You are viewing a plain text version of this content. The canonical link for it is here.
Posted to user@hbase.apache.org by "Edward J. Yoon" <ed...@apache.org> on 2009/04/09 08:02:49 UTC

How to check the distributed degree of table?

I made a table with 10,000 rows. BTW, It seems stored on a single node
at this time, and requires some time for distributing. Is it right?
Then, I would like to know whether distributed to each node after bulk
importing the data. Is there a detecting tool?

....
09/04/09 14:40:20 INFO mapred.JobClient:     Map output records=100000
09/04/09 14:40:20 INFO mapred.JobClient:     Reduce input records=100000
09/04/09 14:40:20 WARN mapred.JobClient: Use GenericOptionsParser for
parsing the arguments. Applications should implement Tool for the
same.
09/04/09 14:40:20 WARN mapred.JobClient: Use genericOptions for the
option -libjars
09/04/09 14:40:20 WARN mapred.JobClient: No job jar file set.  User
classes may not be found. See JobConf(Class) or
JobConf#setJar(String).
09/04/09 14:40:20 INFO mapred.HTableInputFormatBase: split:
0->d8g051.nhncorp.com:,00000000000,19,12-7842
09/04/09 14:40:20 INFO mapred.HTableInputFormatBase: split:
1->d8g051.nhncorp.com:00000000000,19,12-7842,000000000000,15,3-6060
09/04/09 14:40:20 INFO mapred.HTableInputFormatBase: split:
2->d8g051.nhncorp.com:000000000000,15,3-6060,000000000000,5,10-2207
09/04/09 14:40:20 INFO mapred.HTableInputFormatBase: split:
3->d8g051.nhncorp.com:000000000000,5,10-2207,0000000000000,3,5-1310
09/04/09 14:40:20 INFO mapred.HTableInputFormatBase: split:
4->d8g051.nhncorp.com:0000000000000,3,5-1310,
09/04/09 14:40:20 INFO mapred.JobClient: Running job: job_200904081716_0020


-- 
Best Regards, Edward J. Yoon
edwardyoon@apache.org
http://blog.udanax.org

Re: How to check the distributed degree of table?
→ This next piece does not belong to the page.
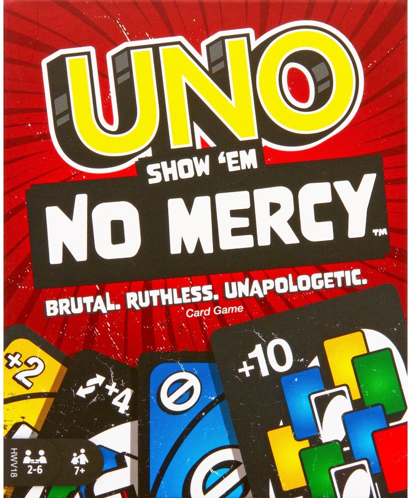 UNO Show 'Em No Mercy is a brutal, ruthless version of the classic UNO card game. In addition to standard action cards like Skip, Reverse, and Draw 2, No Mercy comes with Wild Draw 6, Wild Draw 10, Skip Everyone, Discard All, and the new Wild Color Roulette - a card that forces the next player to choose a color and then draw until they get a card of that color.

Posted by "Edward J. Yoon" <ed...@apache.org>.
Oh, Thanks for nice information.

On Fri, Apr 10, 2009 at 10:31 AM, Ryan Rawson <ry...@gmail.com> wrote:
> Hey,
>
> In HBase, each table is split into regions.  Each region is a contiguous set
> of keys.  Once any specific region has a file that exceeds 256 MB, it is
> split in half to 2 regions. HBase master generally spreads these regions
> across all the regionservers.  I have not had problems with hot
> regionservers with too many regions.
>
> When a table starts out, it has 1 region.  If you dont hit the 256MB limit,
> then you won't split, and thus wont have more than 1 region to distribute
> across tables.
>
> One way to get a handle on how many regions a table might have is querying
> .META. - if you search for the key 'table_name,,' and for the column
> 'info:regioninfo' you can get a maximal bound (but not exact count) of how
> many regions your table has.  To get the exact count, you have to parse the
> info:regioninfo and detect the split parent regions that don't really
> 'exist' but are kept around for garbage collection later.
>
> Just FYI, with 400m rows I get about 200-300 regions given a value size of
> about 30 bytes.  10,000 rows may not have been enough to trigger a split if
> the values are small.
>
> On Thu, Apr 9, 2009 at 4:48 PM, Edward J. Yoon <ed...@apache.org>wrote:
>
>> Can it be provided to clients as a API?
>>
>> I need to consecutively run two MR jobs and I would like to add some
>> precondition checks in between since I noticed that second job always
>> run on a single node.
>>
>> On Thu, Apr 9, 2009 at 8:07 PM, Jean-Daniel Cryans <jd...@apache.org>
>> wrote:
>> > I usually look in the web UI, clicking on the name of the table in the
>> > master page, to see if it's well distributed.
>> >
>> > Or are you thinking about a shell tool that tells you the level of
>> > distribution of a table?
>> >
>> > J-D
>>
>



-- 
Best Regards, Edward J. Yoon
edwardyoon@apache.org
http://blog.udanax.org

Re: How to check the distributed degree of table?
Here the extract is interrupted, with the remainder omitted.